We had another snow a few weeks ago in our little corner of the world.  Winter is still with us, for now.

a light in the darkness

The night-time picture above was after a long day putting the ground posts in concrete, snow falling all around and the temperature hovering around freezing.

another snow

Another pretty snow.

first bow up

Next the bows went up, all in a morning, with my Dad’s help.

bows up

Gavin spent a few days stabilizing the structure with baseboards and a few rows of purlins.

the bows up, a few purlin rows on

Another project underway is moving this huge pile of sawdust onto our blueberry rows.  We planted the blueberries last spring and they have been mostly neglected since then, so it was time to show them some TLC.  I have found it hard to allocate time to a crop that won’t produce for many years yet.

sawdust pile

We spread about a 4″ deep layer of sawdust on the bushes.  Dumped it onto a tarp with the front end loader, dragged the tarp over to the row, and dumped the contents around the bushes.  This system worked well enough, but I would be curious to know if anyone has any ideas for easier ways to spread lots of bulky material like this.

mulching with sawdust

I hope I will never have to weed these beds again.  We’ll see.

mulching blueberries

We were able to cover several of the beds in an afternoon, but there is still another full day of work there.

drilling holes for shiitake spawn

So far we have inoculated over 100 logs with shiitake spawn.  This year we are using an angle grinder with a special attachment to drill the holes, which makes the drilling much more speedy.  However, filling all the holes with spawn is still tedious work.  We did not cut enough logs for all the spawn we ordered, so we were up in the woods again this evening cutting a few more stump-sprouted trees.

inoculated logs

I have been cleaning up the remains of the fall crops in the garden.  These are freeze-dried celery leaves.  And a ladybug.

freeze-dried celery

Very little remains alive from the fall crops.  This little radicchio rosette has held on throughout the winter, and I am tempted to grow it out for seed because it is so beautiful (and cold hardy!).  The tiny leaves would be perfect for salad mix.  They are about 2-3″ long.

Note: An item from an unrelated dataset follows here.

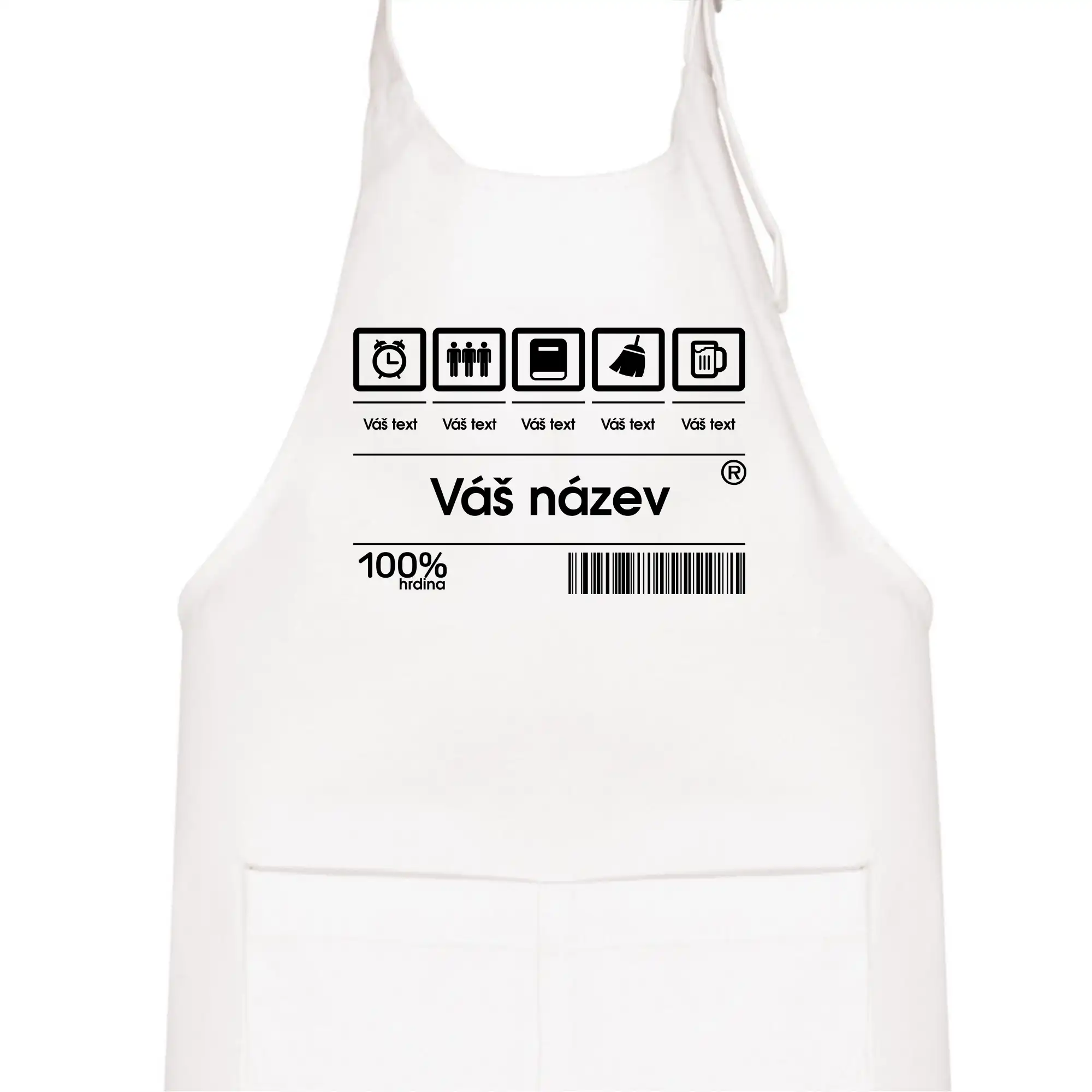 Do poznámky k objednávce nám napiš co chceš mít místo nápisu "vlastní text" a my doplníme ikonky, texty a budeš moct darovat naprosto originální triko. Tričko s originálním čárovým kódem pro každého. Čárový kód na přání!

very hardy radicchio plant

Our compost pile has doubled in size over the past week from all the weeding and bed clean-out.  Here are the stalks of okra plants.  They are like trees, about 8′ tall with 1-2″ thick trunks and deep roots.  One of the last reminders of how vertical the garden becomes in summer!

cleaning up old okra

We were able to till a few of the beds in the upper garden during a very brief window of dryness last week.  The lower garden will take much longer to dry out, but I am glad to have a few beds available to start seeding early crops.  The green in the first and third rows is our garlic crop.

garlic

The greenhouse is full of flat after flat of wee seedlings.  Gavin has made it a priority to install the wood stove so that we will someday soon have a HEATED greenhouse.  I’m sure the seedlings will approve.

pea tendrils

These are leaves from potatoes peeking out of the soil in the high tunnel.  Growing is magic, I tell you.  These little happenings fill me with joy (especially since there are always failures to go along with the successes).

potatoes peeking out

On these overcast chilly days it is sometimes hard to believe spring will be here in just a few short weeks.  We’re ready for some warmth and light!